Otros hombres, incluidos varios componentes de los equipos de Célula Roja con los que Finn había trabajado, habrían pasado la noche celebrando ese triunfo excepcional. Sin embargo, Finn no era como la mayoría. Se había quedado en la zona de Norfolk un día más por un motivo muy importante: el equipo de fútbol de su hijo David jugaba un partido en la zona. El día después de la reunión, Finn asistió al partido de su hijo y por la noche llevó a casa al victorioso y exultante David. Durante el trayecto hablaron de la escuela, chicas y deportes. Y luego David, que con trece años era casi tan alto como su padre, le preguntó:
—¿Qué estabas haciendo en esta zona? ¿Asuntos de trabajo?
Finn asintió.
—Ciertas personas tenían problemas con un tema de seguridad y me pidieron ayuda.
—¿Y lo has solucionado?
—Oh, sí. De hecho no era tan complicado una vez identificados los problemas.
—¿La seguridad de qué?
—De muchas cosas. Nada del otro mundo.
—¿Puedes contármelo?
—Dudo que te interesara. Es lo mismo que hace mucha gente por todo el país. Lo único bueno es que no tengo que sentarme tras una mesa todos los días.

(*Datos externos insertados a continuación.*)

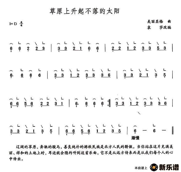 演唱的草原上升起不落的太阳歌词,草原上升起不落的太阳最新曲谱.
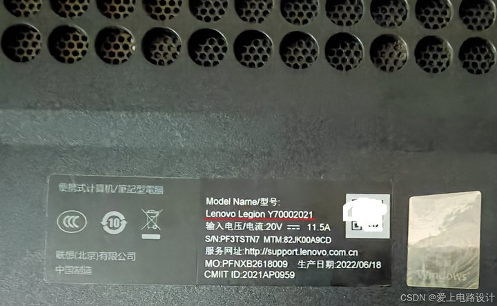 后盖上的型号:Y70002021,由于只拆了后盖(下称 D壳),没有拆卸散热器,未获取到具体的板号。通过联想官方物料编码规则及代工厂标识符分析,该设备由纬创(Wistron)代工。
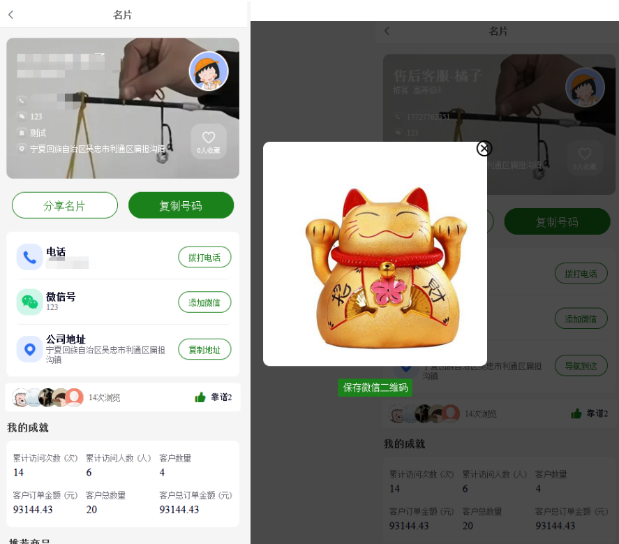 2,后台可查看到名片的二维码和链接,新会员通过这个二维码和链接访问名片,同样可以锁定为改名片的下线
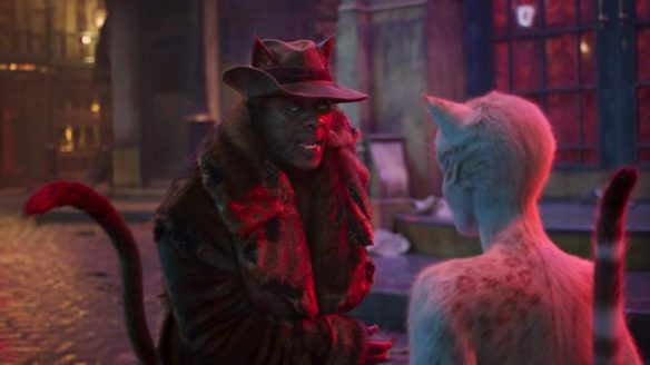 As a result of waiting a few weeks after release, I can report that when I saw it the FX were mostly fine. There were no “hilarious” goofs, nor the joys/distractions of Cronenbergian body horror. It was a troop of dancers prancing around in what looked like CGI catsuits. If you’ve seen pictures of the stage show it’s pretty much the same as that, including a number of impressive busts on the women and generally nondescript crotches for all. There’s a slight touch more of uncanny valley when the visuals almost work too much, but overall the effect works in making you go “that’s a person in an impressive costume”. Some of them are very impressive costumes, especially Judy Dench’s, but even with the tails, and occasionally the ears, being used to convey cat emotions and behavior it never goes beyond that. It gets worse when movie magic is employed to enhance the performers’ movements because all the jumps and climbs that a human couldn’t do just end up looking like dodgy 90s wire-fu.
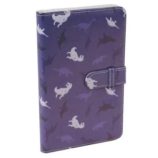 albumdino wykonany z tzw. skóry ekologicznej. mieści 108 zdjęć instax mini formatu 8,6 x 5,4 cm. posiada 18 karteka każda 6 kieszonek na zdjęcia. matowa okładka z ciekawym nadrukiem, całość zamykana na pasek.

—Una vez le pregunté a mamá y me dijo que no sabía exactamente a qué te dedicabas.
—Supongo que bromeaba.
—No eres un espía, ¿verdad?
Finn sonrió.
—Si lo fuera no podría decírtelo.
—Porque si me lo dijeras tendrías que matarme, ¿no? —añadió David entre risas.
—Lo único que hago es ayudar a otras personas a que las cosas funcionen mejor señalando los fallos de sus sistemas.

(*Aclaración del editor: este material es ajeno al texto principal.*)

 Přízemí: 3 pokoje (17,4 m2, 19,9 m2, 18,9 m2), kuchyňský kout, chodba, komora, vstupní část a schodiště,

—¿Igual que hacen los informáticos con los ordenadores? Entonces eres como un depurador.
—Exacto. Como he dicho, es bastante aburrido, pero me pagan bien y así consigo que no nos falte la comida que, por cierto, engulles como una lima.
—Estoy creciendo, papá. Oye, ¿sabes que el padre de Barry Waller persiguió a un atracador de bancos por un callejón y consiguió arrebatarle la pistola? Barry dice que el tío estuvo a punto de disparar a su padre.

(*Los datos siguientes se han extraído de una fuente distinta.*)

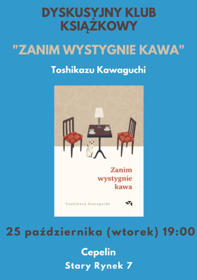 Spotkanie odbędzie się przy dyskusji wokół książki, która stała się światowym hitem ostatnich miesięcy. W tej niewielkiej pozycji Toshikazu Kawaguchi zabiera nas do małej kawiarni w Tokio, która pozwala swoim gościom na podróż w czasie. Pod warunkiem, że wrócą, zanim wystygnie kawa… Spotykamy cztery osoby, z których każda ma nadzieję skorzystać z tej oferty. Ktoś chce się skonfrontować z dawną miłością, ktoś powrócić do czasów sprzed utraty pamięci, zobaczyć się z siostrą, spotkać córkę, której nigdy nie było okazji poznać.

—El trabajo de la policía a veces resulta muy peligroso. El padre de Barry es un hombre valiente.
—Me alegro de que tú no te dediques a ese tipo de cosas.
—Yo también.
—Pues sigue con tu trabajo de depurador, papá. —Y le dio un puñetazo guasón en el brazo—. Y no te metas en líos, ¿vale?
—Descuida, hijo —dijo Harry Finn.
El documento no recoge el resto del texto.